New Hampshire Medicaid is a federal and state-funded health care program that serves a wide range of needy individuals and families who meet certain eligibility requirements. 

The program works to ensure that eligible adults and children have access to needed health care services by enrolling and paying providers to deliver covered services to eligible recipients.

Program Name New Hampshire Medicaid
Expanded Medicaid Yes
Website dhhs.nh.gov
Phone 800-852-3345 ext. 4344
Apply Online https://nheasy.nh.gov
Appeal a Denial Administrative Appeals Unit
Find a Local Office District Offices

Eligibility Requirements

To be eligible for New Hampshire Medicaid, you must be a resident of the state of New Hampshire, a U.S. national, citizen, permanent resident, or legal alien, in need of health care/insurance assistance, whose financial situation would be characterized as low income or very low income.
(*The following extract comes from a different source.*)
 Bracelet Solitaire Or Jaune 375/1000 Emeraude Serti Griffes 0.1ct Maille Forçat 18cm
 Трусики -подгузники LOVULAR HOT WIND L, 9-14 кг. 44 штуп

You must also be one of the following:*

  • Pregnant
  • Be responsible for a child 18 years of age or younger
  • Blind
  • Have a disability or a family member in your household with a disability
  • Be 65 years of age or older

* ACA Medicaid expansion covers eligible low-income adults.
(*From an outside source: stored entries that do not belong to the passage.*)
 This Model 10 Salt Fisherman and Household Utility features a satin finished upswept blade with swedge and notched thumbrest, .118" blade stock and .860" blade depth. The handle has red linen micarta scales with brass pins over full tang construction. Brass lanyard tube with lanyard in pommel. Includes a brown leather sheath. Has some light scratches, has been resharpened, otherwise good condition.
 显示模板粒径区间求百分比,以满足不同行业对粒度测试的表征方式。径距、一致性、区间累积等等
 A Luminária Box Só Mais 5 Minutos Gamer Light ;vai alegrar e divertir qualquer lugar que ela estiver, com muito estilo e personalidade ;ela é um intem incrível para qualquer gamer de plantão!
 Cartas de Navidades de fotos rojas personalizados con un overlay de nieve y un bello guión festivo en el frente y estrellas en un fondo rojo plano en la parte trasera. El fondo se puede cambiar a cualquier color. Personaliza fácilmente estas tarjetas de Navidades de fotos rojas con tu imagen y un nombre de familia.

Annual Household Income Limits (before taxes)

Household Size* Maximum Income Level (Per Year)
1 $17,131
2 $23,169
3 $29,207
4 $35,245
5 $41,284
6 $47,322
7 $53,360
8 $59,398

*For households with more than eight people, add $6,038 per additional person.

Available Services Include:

Audiology Nursing facility
Certified midwife Personal care attendant
Dental Physical-occupational-speech therapy
Durable medical equipment Physician
Family planning Podiatry
Home health Pregnancy and maternity
Hospice services Prescription drugs
Hospital Private duty nursing
Lab Psychotherapy
Medical supplies Rural health clinics
Medical transportation Vision care
Nursing facility X-ray

Copayments

Preferred Prescription Drug $1
Non-Preferred Prescription Drugs $2

Enrollees with incomes under 100% FPL are not charged a copay.

If you are required to make copayments under your plan, there is a limit to how much you have to pay per quarter (every three months).

Quarter 1 January 1 – March 31
Quarter 2 April 1 – June 30
Quarter 3 July 1 – September 30
Quarter 4 October 1 – December 31

This means that the most you are required to pay for copayments during any quarter of the calendar year is $147.

Once you pay $147 in copayments during that quarter, you don’t have to pay any more copayments for the rest of the quarter. However, at the beginning of the next quarter, you will have to start paying copayments again until you pay a total of $147 out of pocket.